Ameli is a variant of Amelie, from Germanic roots meaning work, industriousness, or striving.
Ameli is a streamlined, Continental spelling of Amelia — or more precisely, a close cousin of the French Amélie — both of which descend from the Old Germanic Amalia, rooted in the element amal, associated with vigor, work, and the Amal dynasty that produced the Ostrogothic kings of late antiquity. The name carried aristocratic weight through medieval Europe: several German queens bore Amalia variants, and the House of Hanover enshrined it in British royal history through Princess Amelia (1783–1810), beloved youngest daughter of King George III.

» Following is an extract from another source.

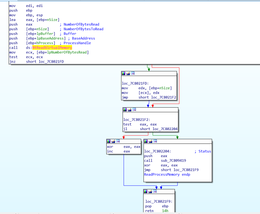 通过代码,不难看出,在这里其实就是将参数全部传给了 NtReadVirtualMemory ,然后后面的代码就是在对返回值做判断。若返回值小于0,则会跳转到 loc_7C802204。
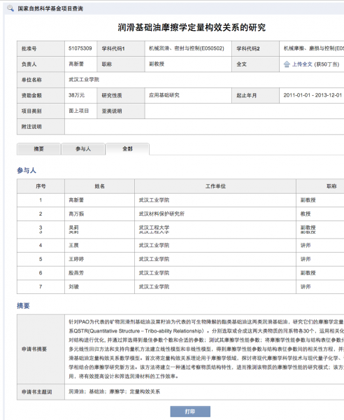 润滑基础油摩擦学定量构效关系的研究 金额:38万 申请时间:2010 学科代码:机械润滑、密封与控制(E050502) 项目批准号:51075309 |

The French form Amélie vaulted into global pop-cultural consciousness with Jean-Pierre Jeunet's 2001 film Le Fabuleux Destin d'Amélie Poulain, starring Audrey Tautou as a whimsical Parisian waitress with a gift for quietly improving the lives of strangers. The film's worldwide success made Amélie synonymous with a certain dreamy, creative individualism, and the name climbed naming charts across Europe, the Americas, and Australia in the years that followed. Ameli — without the accent and final e — represents a further simplification that suits Scandinavian, Latinx, and multilingual households where diacritics create practical complications.
In Sweden and Germany it appears as a natural given-name form. Its three clean syllables, soft consonants, and bright final vowel make it one of those cross-cultural names that feels at home in almost any linguistic setting, carrying Amelia's long legacy in a lighter, more modern silhouette.